Good morning, Camden Chatters.
Well, here we are. It’s Election Day in America. Who else is feeling an overwhelming sense of anxiousness and unease? We all hope it’ll be an orderly, peaceful process tonight and perhaps there’ll be cause for celebration by night’s end, but with so many mail-in ballots needing to be tabulated and the possibility of litigation or court cases, this whole ordeal could drag out for several more days or even weeks. Anyway, cheers!
If you live in Maryland, you can register to vote at a polling place and vote today. This is also the case if you live in the District of Columbia. Elsewhere, consult the Internet. In any case, if you ARE registered to vote and you haven’t already done so, what are you waiting for?? Go, do it now! Don’t waste time reading this! (Unless you’re currently reading this while in line to vote, in which case, I retract my reprimand.)
Speaking of voting, MLB awards season is upon us, and last night the Baseball Writers Association of America announced its finalists for Most Valuable Player, Cy Young, Rookie of the Year, and Manager of the Year.

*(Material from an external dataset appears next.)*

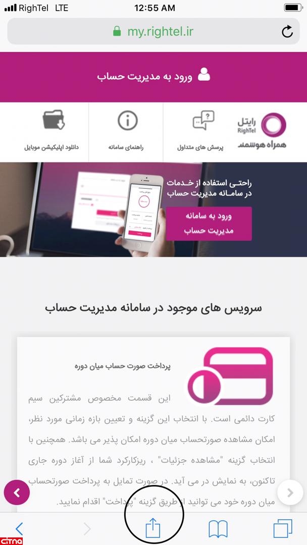 - در مرورگر سافاری تلفن همراه خود بعنوان نمونه my.rightel.ir و یا tv.rightel.ir را باز کنید.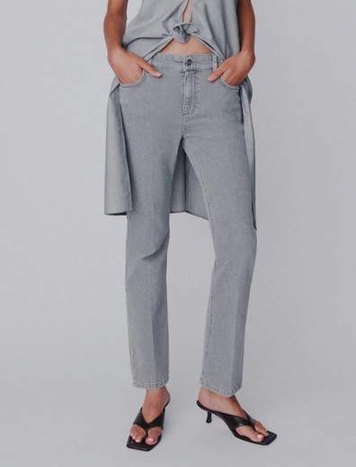 Jeans new flare in denim stretch.Allunga la silhouette con la linea slanciata di questi jeans flare. In morbido cotone stretch, si flettono al movimento e giocano con i trend primaverili, come la piega stirata sulla gamba.

The Orioles were shut out of all categories, which wasn’t a surprise, though some O’s fans were pulling for Ryan Mountcastle to break into the top three of the ROY race. But Mountcastle played just over half the season, and his relatively late call-up presumably put him behind the three finalists, outfielders Kyle Lewis of the Mariners and Luis Robert of the White Sox and right-hander Cristian Javier of the Astros. By Baseball Reference WAR, Mountcastle’s 0.5 mark fell well short of Robert (1.6), Lewis (1.4), and Javier (1.3). On FanGraphs, Mountcastle’s 0.7 WAR is tied for 13th among AL rookies, with Lewis leading the pack at 1.7 and Robert close behind at 1.5.
The good news is that Mountcastle didn’t lose his rookie eligibility this year, so he’ll still be a candidate for Rookie of the Year in 2021, when he’ll (hopefully) have a full season to put up some big numbers.
In other awards news, tonight Rawlings will announce its 2020 Gold Glove winners. (This seems like a weird night to schedule that, but I guess it’d be a welcome reprieve if you want to avoid election coverage for a while.) The Orioles’ Anthony Santander is one of three finalists among AL right fielders, though he seems like a long shot to beat out the Rangers’ Joey Gallo. As they say, it’s an honor just to be nominated.
Have a good day, everyone. I can’t help but wonder how we’ll be feeling this time tomorrow.
Elias: O’s set on ‘reviving winning baseball’ - Orioles.com
It’s apparently an annual tradition for the Orioles to be rumored to be up for sale based on little to no evidence. Mike Elias’ letter to season-ticket holders is the latest attempt to quash those whispers.
Holt and Holmes given new titles (plus other notes) - School of Roch
Elias also held a conference call with reporters yesterday and talked about a number of subjects, including Chris Holt being named the pitching coach and Darren Holmes the assistant pitching coach. Or is that assistant to the pitching coach?
Answers to your Orioles questions - BaltimoreBaseball.com
Rich Dubroff answers questions from readers, including one who thinks the Orioles should try Trey Mancini at third base and another who thinks they should try Ryan Mountcastle there. People, you can’t just put anybody you want at third base! That’s not how this works!
Orioles birthdays and history
Is today your birthday? Happy birthday! You have five Orioles birthday buddies, including 1994-98 right-hander and playoff ruiner Armando Benitez (48), 1979-81 outfielder Mark Corey (65), Red-Sox-great-who-finished-his-career-with-the-Orioles Dwight Evans (69), half-season O’s lefty Ken Holtzman (75), and the late Earl Robinson (b. 1936, d. 2014), an early 1960s outfielder.
On this day in 1982, Jim Palmer was voted the runner-up for the AL Cy Young, marking his eighth (and final) top-5 finish for the award, including three wins. Palmer lost out to the Brewers’ Pete Vuckovich, who was a strange choice, considering he allowed 1.5 baserunners per nine innings, giving up 234 hits and 102 walks, and was only the 34th-best pitcher in the AL by FanGraphs’ WAR (not that that stat existed back then, of course). One pitcher who really got hosed was Toronto’s Dave Stieb, who finished fourth in the voting despite trouncing Vuckovich in every major category, including starts, innings pitched, ERA, WHIP, complete games, and shutouts. But Stieb was 17-14 while Vuckovich was 18-6, and 1980s voters be like, “wiN-loSs rEcOrD iS aLL tHaT mAtTeRs!!!”